Lit Sensation, Italian Style 25-year-old Viola di Grado is making waves with her stateside debut

When we asked the Sicilian-born author Viola Di Grado if she identifies herself as a rebel among her literary peers, she responded, “Of course. I don’t like to follow the well-known paths.” The 25-year-old writer, who recently earned a master’s degree in East Asian languages from the University of London, has long been attuned to the symbolic power of the written word. At the age of five she wrote her first short story. “It was about a bear that kept trying to kill himself but never succeeded,” she says.

That impulse toward dark themes is evident in her first novel, 70% Acrylic 30% Wool (the English translation is now out from Europa Editions). The plot follows Camelia, a troubled young Italian woman who is more likely to cut apart flowers “without mercy” than admire them. She lives in Leeds with her mother, a famous concert flute player. After the sudden death of Camelia’s father, their lives spiral downward; she drops out of college, and her mother becomes depressed and mute. But Camelia meets Wen, a Chinese shopkeeper, and as their relationship unfolds, she has the opportunity to start her life afresh—it’s just a matter of her actually choosing to do so.

We recently caught up with Di Grado, who is currently in Rome teaching English to soldiers, just as her novel was making its American debut.

When and how did you realize you wanted to be a writer?
I never decided to be a writer. It was something that always felt necessary and implied, like being a human. Sometimes I feel like I’m not doing enough to serve my writing. Like when I was 8 years old, I signed a pact with myself that I would not talk until I was 17; I would only write until then. Fortunately I did not follow it.

What is your creative process like?
It’s very chaotic. I feel like a shaman making himself ready to host the dreams and nightmares of other people. But it’s also very mathematical. I’m strict with myself: I want every tiny detail in the story to mirror the story’s totality, as in the Buddhist Indra’s net, where every single jewel reflects the light of all the others.
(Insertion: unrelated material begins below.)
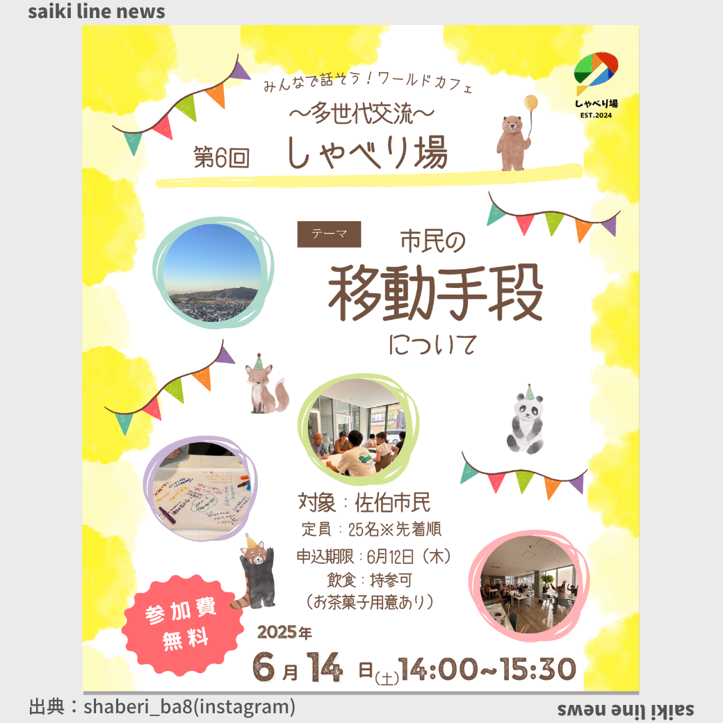 こんにちは🍀 〜多世代交流〜しゃべり場です🪇 前回の第5回目にご参加いただいた皆さん、 ありがとうございました🙇 イベント後のご報告の形をリニューアルしますので、募集と前後しますが、少々お待ちください🤲 本日より、第6回 ... |

What makes you stand out from other published writers at your age?
I believe writing is about what fourth-century-B.C. Chinese philosopher Zhuangzi called “forgetting language.” That is, using words as if they are firsthand, virgin matter, without falling in the “fish traps” of convention. Literature has to be about destroying language and then reinventing it, and studying Chinese and Japanese—their being ideographic—helped me build a space where I can see language more clearly, where I can “forget.”
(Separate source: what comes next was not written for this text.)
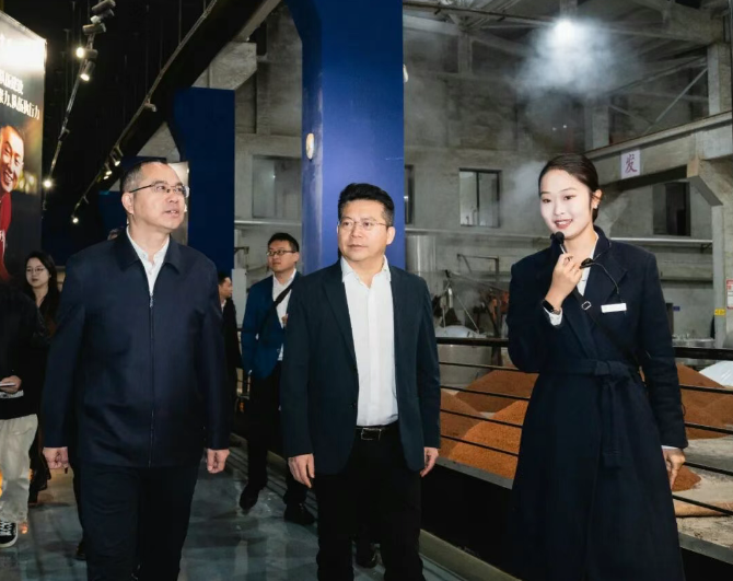 重陽釀秋色,醬香迎客來。10月29日,五糧液股份公司黨委副書記、副董事長、總經理華濤率隊到貴州珍酒參觀考察,并圍繞醬酒釀造工藝、市場拓展、酒旅融合等進行交流。珍酒李渡集團總工程師、貴州珍酒釀酒有限公司總經理朱國軍陪同。

Your sense of style is really interesting. I’ve read that you’ve always dressed this way—and even raised eyebrows in your hometown—but what exactly inspires your fashion choices?
My style is just a way to put my body at my writing’s service. I wear my novels, that’s what I do, which basically means I always choose what to wear according to what I am writing at the moment. For example, during the [European] book tours for 70% Acrylic 30% Wool , I wore a parrot on my head to recall the one in the novel, and a pendant with an old painting showing a father and a daughter walking in the snow, as in the novel.